Does ambient temperature make a big difference to how well ABS sticks to a heated bed? This was “printed” at about 21°C, 215°C extruder, 110°C bed. I have a feeling I get better results with a slightly warmer room.
21°C is warm enough to get ABS to stick. Are you sure the top of your bed is actually 110°C? To get that I set the temperature measured underneath the PCB to 130°C.
215°C sounds a bit to low, i usually print ABS @ 245°C. What does make a huge difference is the distance of the head on the first layer. I try to really spread out the first layer as much as possible, often enough only 30% first layer height.
The environment only makes adifference for me if there is a certain airflow over the printbed, this can lead to the print warping very easily and getting unstuck.
215°C seems pretty cold for ABS - i print mine at 245-250°C to get every last bit of interlayer adhesion out of it. With the bed at 120C (IR measured), the Kapton’s adhesive usually gives in before the ABS peels off the Kapton.
(Keep in mind that due to tolerances in the thermistor’s resistance and the resistor network on your control board, the actual temperature can have a significant offset from the displayed one)
Yes the ambient temperature is important you need to avoid temp. changes. You can use like Thomas suggested the kapton adhesive tape or a special Lac for the bed It will make the piece adheres better… Good luck!

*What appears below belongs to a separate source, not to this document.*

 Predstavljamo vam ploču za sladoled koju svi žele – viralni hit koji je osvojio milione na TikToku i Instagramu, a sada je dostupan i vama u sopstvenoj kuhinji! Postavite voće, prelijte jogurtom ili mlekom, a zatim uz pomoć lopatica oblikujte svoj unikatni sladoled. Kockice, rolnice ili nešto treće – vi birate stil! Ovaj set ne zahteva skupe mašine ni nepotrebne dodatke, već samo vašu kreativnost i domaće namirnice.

I already have Kapton tape on that bed. I’ve tried upping the extruder temperature to 235°C, with no noticeable difference in adhesion. I didn’t realize the bed temp measurement could be off by so much, though. I’ll definitely try to boost that, but I’ll need insulation under it for that, I have just barely been able to push it to 120°C.
Depending on the hot end, 215 may be too low; and certainly you can get better first layer adhesion with extra heat . If you printed straight from the gcode and did a wait-for-bed-temp at 110, it’s possible that your glass was not fully heated - so you get less adhesion because its colder, and because the glass could still be expanding as you started printing, breaking the adhesion. WIth an open printer, you will develop a convective airflow that could bring in much cooler air to the bed, which makes this worse.

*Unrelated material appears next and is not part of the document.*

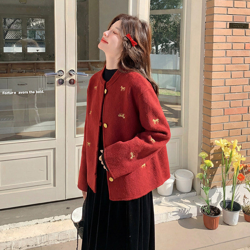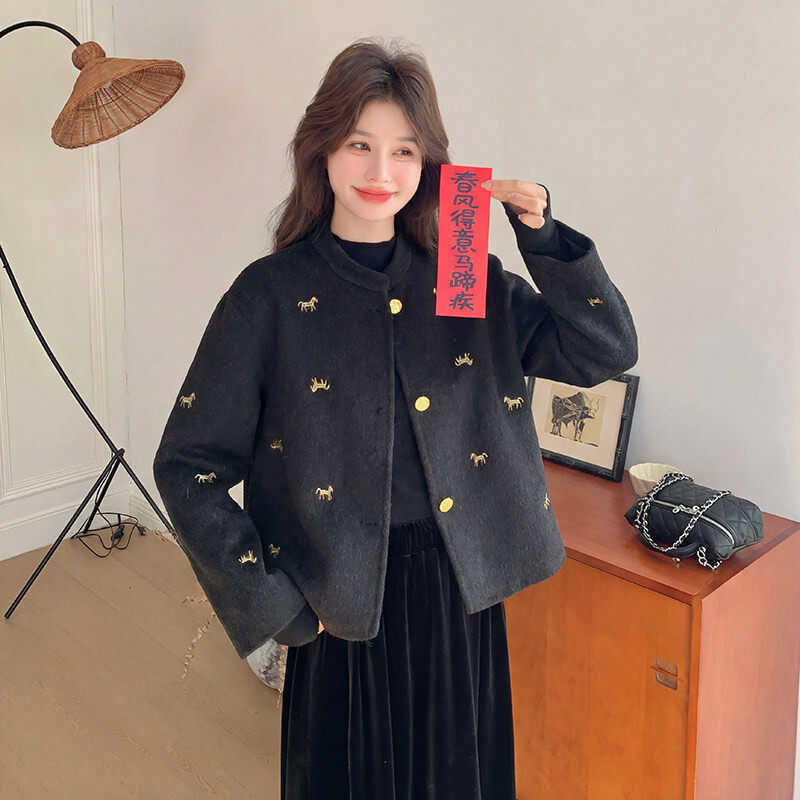 现货主推款 k328 好数据已测重工刺绣马到成功双面羊毛呢外套p215

Does the ambient temp matter, or is it fluctuations in that temp that matter? I’m waiting on my printer to ship still (gotta love kickstarter, it’ll get shipped eventually, maybe) but my plan is to put it in my server room, it stays a pretty consistent 68f.
The warmer the room is the better 3D printers work.

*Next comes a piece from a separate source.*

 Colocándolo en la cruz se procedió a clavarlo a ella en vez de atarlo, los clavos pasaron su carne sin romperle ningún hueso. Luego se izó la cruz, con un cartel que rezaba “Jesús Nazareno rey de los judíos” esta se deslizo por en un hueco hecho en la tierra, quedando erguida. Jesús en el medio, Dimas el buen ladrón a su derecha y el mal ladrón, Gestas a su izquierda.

The traces in the pic look as though you could be a little closer to the bed on the first layer. They’re not very squished.
Rafting helps, to when this happens
@Jason_Scott - generally, it’s better to keep the printers toasty (within reason), rather than cold. But all things equal, I’d rather have a constant environment than a warmer but wildly varying one.
Make sure of:
- Level build plate
- Distance from extrusion tip to build plate is minimal (1 or 2 post-it notes with noticeable friction when sliding b/w tip and plate)
- Level build plate
- Avoid drafts
- I set the build plate temp at 115 - 117 °C
- Extrusion temp set at 230°C
- I see no noticeable variation to 1st layer sticking with ambient temperatures ranging from 15 - 30°C.
- Level build plate
To improve leveling. I had to move to thicker glass. I am using 4.5mm glass from a picture framing shop. That increases the time to get the top of the glass to temp. I usually manually bring the bed to temp, and after it has stabilized a bit, then I set the hotend to proper temp. This helps my patients on waiting for the glass to heat up. Granted I have only printed in PLA so far.
I built an enclosure for my solidoodle 3 and it made a BIG difference in all of ABS prints. I will not print ABS without an enclosure.
Also try a little AquaNet hairspray on the glass, it will help you ABS “stick” to the platform.
@Joseph_Chiu I think your suggestion is an important one: the bed glass won’t have had as much time to reach temp in a slightly colder room. I’ll try placing the printer in a big cardboard box and let it preheat for a while for next print.
@Dale_Dunn @3dpod_3D_Printing_Se I did level the bed and set z home with a piece of 80g paper and measured a printed .1mm brim to as close to .1mm as my Nonie scale .05mm callipers could indicate.
I bought one of these too. It is not very good at all. You will waste a lot of time trying to align it and you will waste a lot of PLA and get very frustrated! Just buy a Makerbot or Cube or one of the famous brands that prints properly without any adjustments and messing around. Save yourself the headache. Trust me.
@Hannes_Lilliefeldt , trust the machine’s output more than measurements taken at the limits of your tools. The traces on the glass should be a little squashed, and they don’t appear that way in the picture. Traces right next to each other aren’t even in contact.
Also, did you level the bed and set Z home with everything hot?
He is already have good bad level as i can see from the 1st bad layer - thats means one of the bars is not leveled right
@Dale_Dunn I know those traces look really off in the picture. I have measured single layer height, levelled and calibrated as mentioned and earlier prints have been much better. The sudden spaghetti print on a cold morning was specifically what prompted me to ask the original question.